*WHAT YOU ARE ASKED TO DO*.
Keep every word of the listing and drop the images when you write it out.

*COLLECTED MATERIAL*.

━━━━

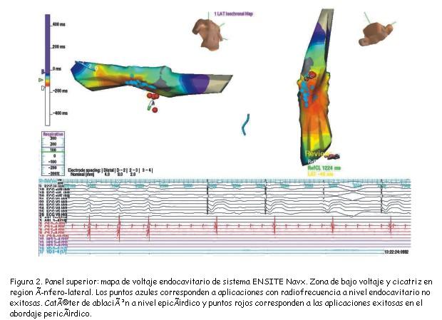 En los últimos años se ha demostrado que los circuitos epicárdicos son más frecuentes en miocardiopatías no isquémicas (miocardiopatía chagásica, displasia arritmogénica de ventrículo derecho) y en algunas TV idiopáticas(9-12). Además de la cardiopatía de base existen otros datos que pueden hacer sospechar el origen epicárdico, como determinadas características electrocardiográficas y de las técnicas de imagen, así como datos en los mapas de voltajes endocárdicos(13-15).
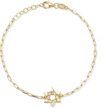 This dainty 14-karat-gold bracelet featuring a diamond-adorned Star of David charm brings bright shine to your wrist stack.
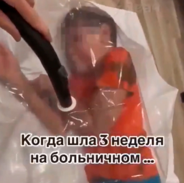 Στο βίντεο της γυναίκας από το Σάρατοβ, φαίνεται το παιδί να είναι μέσα στη σακούλα και τη μητέρα του να βάζει τη σκούπα για να ρουφήξει τον αέρα προκειμένου, όπως είπε στους followers της, να του χαρίσει μια ξεχωριστή εμπειρία.
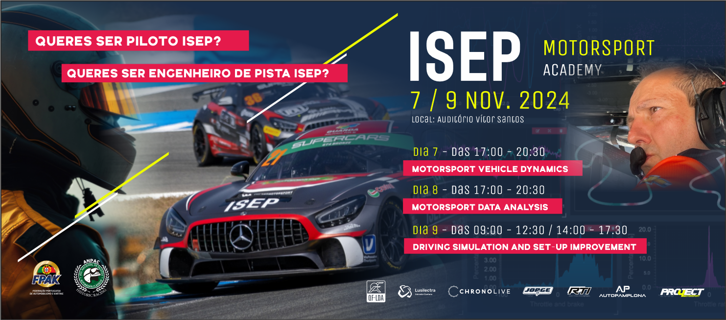 Entre os dias 7 e 9 de novembro, no Auditório Vítor Santos, localizado no edifício E, irá decorrer mais uma edição do ISEP Motorsport, seminário sobre competição automóvel, ministrado pelo engenheiro de pista Roberto Hernandez Garcia, reconhecido pela sua experiência internacional em diferentes campeonatos, como a Fórmula 1.

━━━━

*ANSWER BOX*.
 En los últimos años se ha demostrado que los circuitos epicárdicos son más frecuentes en miocardiopatías no isquémicas (miocardiopatía chagásica, displasia arritmogénica de ventrículo derecho) y en algunas TV idiopáticas(9-12). Además de la cardiopatía de base existen otros datos que pueden hacer sospechar el origen epicárdico, como determinadas características electrocardiográficas y de las técnicas de imagen, así como datos en los mapas de voltajes endocárdicos(13-15).
 This dainty 14-karat-gold bracelet featuring a diamond-adorned Star of David charm brings bright shine to your wrist stack.
 Στο βίντεο της γυναίκας από το Σάρατοβ, φαίνεται το παιδί να είναι μέσα στη σακούλα και τη μητέρα του να βάζει τη σκούπα για να ρουφήξει τον αέρα προκειμένου, όπως είπε στους followers της, να του χαρίσει μια ξεχωριστή εμπειρία.
 Entre os dias 7 e 9 de novembro, no Auditório Vítor Santos, localizado no edifício E, irá decorrer mais uma edição do ISEP Motorsport, seminário sobre competição automóvel, ministrado pelo engenheiro de pista Roberto Hernandez Garcia, reconhecido pela sua experiência internacional em diferentes campeonatos, como a Fórmula 1.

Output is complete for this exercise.